Secondly, and most importantly: negative (and not positive) gain margins (in dB) indicate instability of the system when the loop is closed with unity feedback. This relates to the encirclement of -1 on the Nyquist plot of the openloop transfer function (the direction of encirclement indicates whether it is RPH zero or pole surplus, but this does not really hold for instability caused by dead-time, since the closed loop TF will have "predicting" terms in the denominator. Something not really covered by typical pole analysis).
The gain margin refers to the amount of gain that can be added to the system before stability is lost. A negative gain margin indicates that the gain must be decreased if stability is to be achieved. So the positive gain margin returned in the example above is actually the false positive of stability.

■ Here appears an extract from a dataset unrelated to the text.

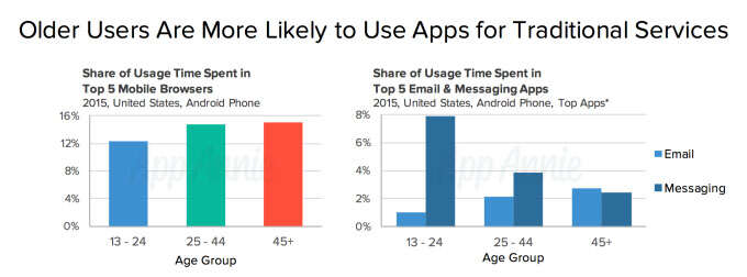 年龄在13岁至24岁的用户目前花在聊天应用上的整体时间,是45岁以上用户的逾3.5倍。年龄更大的用户依旧习惯使用复制了桌面功能的应用,比如电邮和网络浏览器。

Thirdly: I understand that the interpretation of gain and phase margins gets a bit more complicated when there are mutliple crossover frequencies, but considering the Nyquist plot gives a very clear indication of instability.
G1 = tf(50, poly([-2 -5]),'IODelay',1); % will be unstable in closed loop
G2 = 0.28*G1; % reducing the gain of the sytem to obtain stability
% this uses the value of that first, and unreported gain margin
% (0.2<0.303 must reduce by more to obtain full stability, not just
% marginal) I use a large reduction to make the lack of encirclement clear.
nyquist(G1,G2);
xlim([-4,0.1])
step(feedback(G1,1)); % unstable
step(feedback(G2,1)); %stable
Fourthly: I understand the need for the modulo 360° argument in cases where teh phase starts below -180° or stays above 180°. If we then look at encirclements of -1, all 180+-k360 are equivalent. However, in the case of above the first crossing of a 180+-k360 already has a magnitude greater than 1, indicating an encirclement of -1.
Please reconsider your answer and whether or not it is supported by the frequency domain theory.
Andrew Ouellette
Andrew Ouellette 2022 年 11 月 11 日
I agree with your analysis- I misspoke in my previous reply about the negative gain margin, so I have edited out that portion of my answer.
The help text for "margin" which you can access from executing the following command:
help margin
Includes this bit: "If there are several crossover points, margin returns the smallest margins (gain margin nearest to 0dB and phase margin nearest to 0 degrees)."
This description is not present in the documentation page for "margin", so I will be forwarding this oversight to the approprirate team.
The "allmargin" command you mentioned previously does appear to include the relevant margins for determining stability.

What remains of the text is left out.